Zitat von skeptikerjörg
Schade für Ajax, schade für die neutralen Fans. Ein Finale Liverpool gegen Ajax wäre sicherlich attraktiver gewesen, als ein Finale Liverpool gegen Tottenham sein wird. Aber mal ehrlich, wer in London 1:0 gewinnt und zu Hause bei Halbzeit 2:0 führt, darf das Halbfinale nicht verlieren. Entweder, der Powerfußball forderte letztlich Tribut und sie konnten nicht mehr oder sie bekamen Angst vor dem Erfolg oder der Wunschtrainer vieler Bayernfans kann doch kein " in game coaching". Wahrscheinlich von allem etwas. Und natürlich mangelnde internationale Erfahrung. Florian Kohfeldt hatte zu seinen seine Bremern im Spiel gegen Dortmund in der Halbzeit gesagt:"Schaffen wir ein Tor, beginnen sie zu schwimmen". So ähnlich kam es mir gestern auch bei Ajax vor. Klar, es gehört immer auch ein gewisses Glück dazu. Das hatte Liverpool vorgestern und das hatte Tottenham gestern. Hätte Ziyech nicht den Pfosten, sondern ins Tor getroffen ... Hätte Schöne vor dem 1:2 nicht den schon toten Ball wieder scharf gemacht ... Aber mit "hätte" hat noch nie jemand ein Spiel gewonnen. Unterm Strich hat Ajax sich gestern selbst geschlagen weil sie, warum auch immer, in der 2. Halbzeit Tottenham nicht mehr in Schach halten konnten. Und Tottenham hat das gemerkt und reagiert. Schade Ajax, Glückwunsch Tottenham.

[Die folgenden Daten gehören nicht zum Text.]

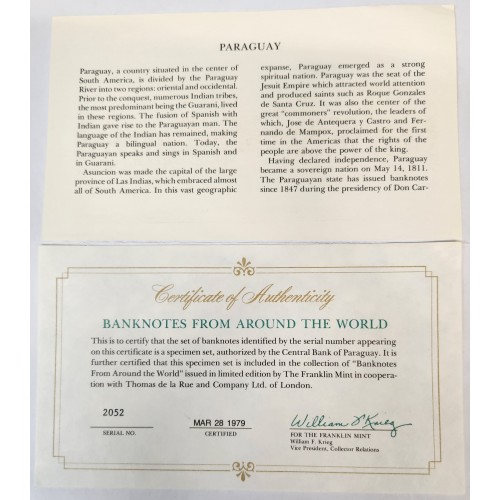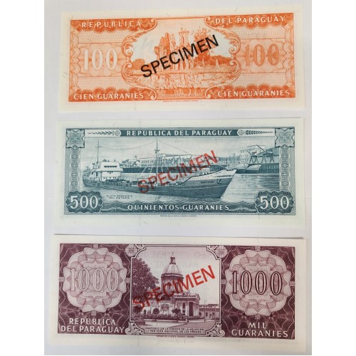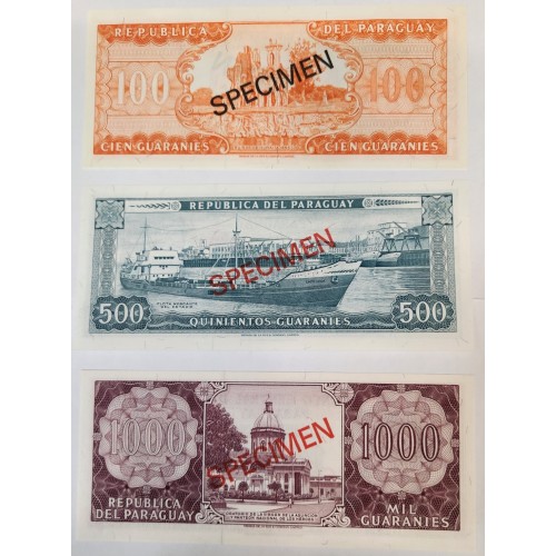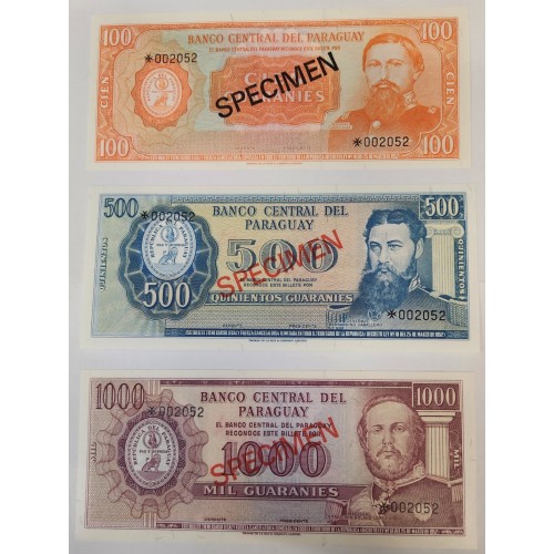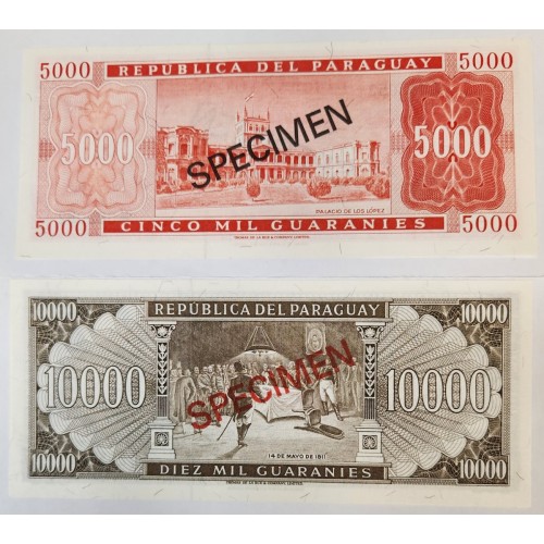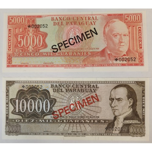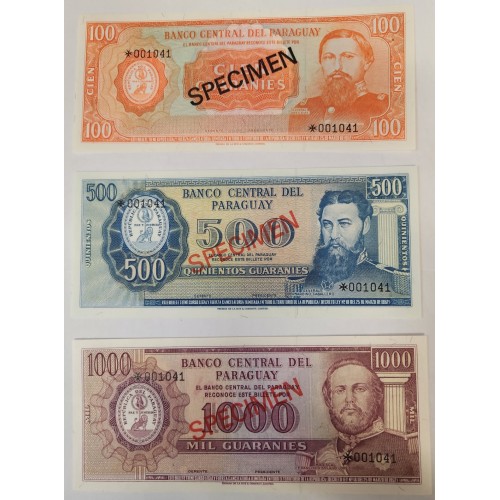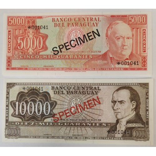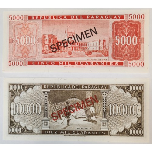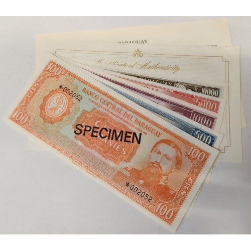 PARAGUAY 1979 . ONE HUNDRED 100 - TEN THOUSAND 10,000 GUARANIES BANKNOTES . SPECIMEN

... ist ten Hag, im Gegensatz zum Bayerntrainer, auf den Sie anspielen, tatsächlich ein unerfahrener und an Trainerjahren junger Trainer, der erst seit 3 Jahren als Profitrainer auf der Bank sitzt und erst diese CL-Saison sein internationales Debut gegeben hat. Und so einem seien Fehler aus Unerfahrenheit mit Sicherheit eher verziehen als einem, der seit 9 Jahren im Profigeschäft als Trainer tätig ist und darüber hinaus auch schon eine Nationalmannschaft "trainiert" hat. Der ausschlaggebende Fehler gestern war m.E. jedoch Onanas weiter Abschlag wenige Sekunden vor dem Abpfiff. In einer Situation, in welcher sich die eigenen Spieler kaum mehr auf den Beinen halten können geschweige denn noch laufen können, muß man versuchen, den Ball irgendwie unter Kontrolle zu halten und die restlichen Sekunden auszuspielen/Ball blocken, Freistoß/Aus provozieren etc. So kam der Abschlag postwendend zurück und führte zum Gegentor.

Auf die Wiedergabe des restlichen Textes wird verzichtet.